Exchange flow of two immiscible fluids and the principle of maximum flux

TL;DR

This paper investigates the maximum exchange flow of two immiscible fluids in a cylindrical tube, revealing that asymmetric configurations outperform symmetric ones in flux efficiency depending on viscosity ratios.

Contribution

It introduces a novel analysis showing that asymmetric flow configurations maximize flux, contrasting with traditional symmetric solutions in two-phase flow.

Findings

Asymmetric flow configurations outperform symmetric ones in flux maximization.

The optimal flow configuration depends on the viscosity ratio, with side-by-side being best for ratios ≤ 4.60.

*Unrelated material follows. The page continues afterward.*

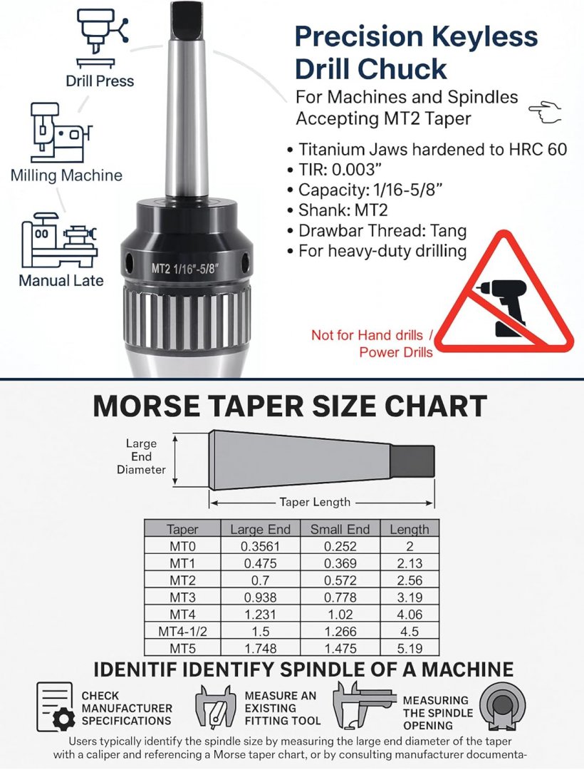 CanCNC Tooling Solutions MT2 Precision Keyless Drill Chuck -Titanium Jaws -1/16-5/8" (Model: 0537-5802)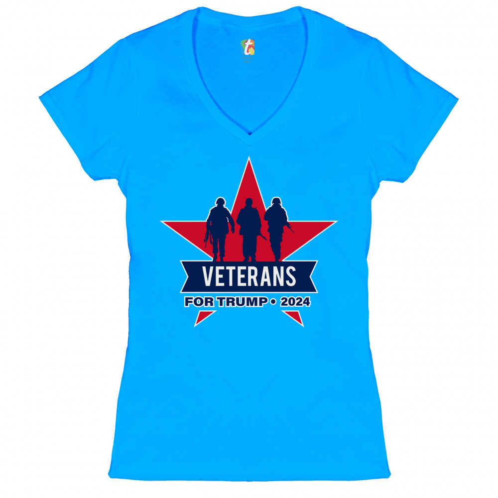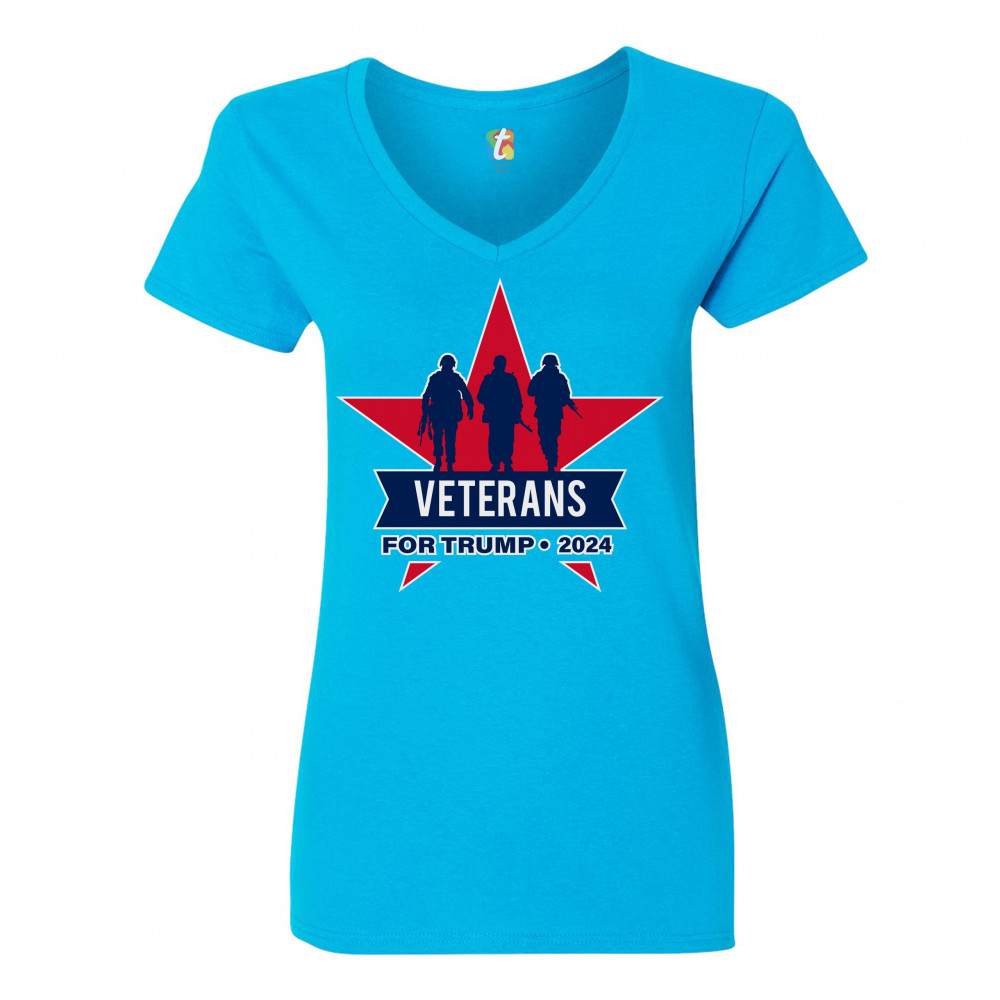 VETERANS FOR TRUMP 2024 women's v-neck t-shirt keep america great military tee turquoise

Eccentric core-annular flow can achieve 51% more flux than symmetric solutions at high viscosity ratios.

Abstract

The steady, coaxial flow in which two immiscible, incompressible fluids move past each other in a cylindrical tube has a continuum of possibilities due to the arbitrariness of the interface between the fluids. By invoking the presence of surface tension to at least restrict the shape of any interface to that of a circular arc or full circle, we consider the following question: which flow will maximise the exchange when there is only one dividing interface Gamma? Surprisingly, the answer differs fundamentally from the better-known co-directional two-phase flow situation where an axisymmetric (concentric) core-annular solution always optimises the flux. Instead, the maximal flux state is invariably asymmetric either being a `side-by-side' configuration where Gamma starts and finishes at the tube wall or an eccentric core-annular flow where Gamma is an off-centre full circle in which the more viscous fluid is surrounded by the less viscous fluid. The side-by-side solution is the most efficient exchanger for a small viscosity ratio beta less than or equal to 4.60 with an eccentric core-annular solution optimal otherwise. At large beta, this eccentric solution provides 51% more flux than the axisymmetric core-annular flow which is always a local minimiser of the flux.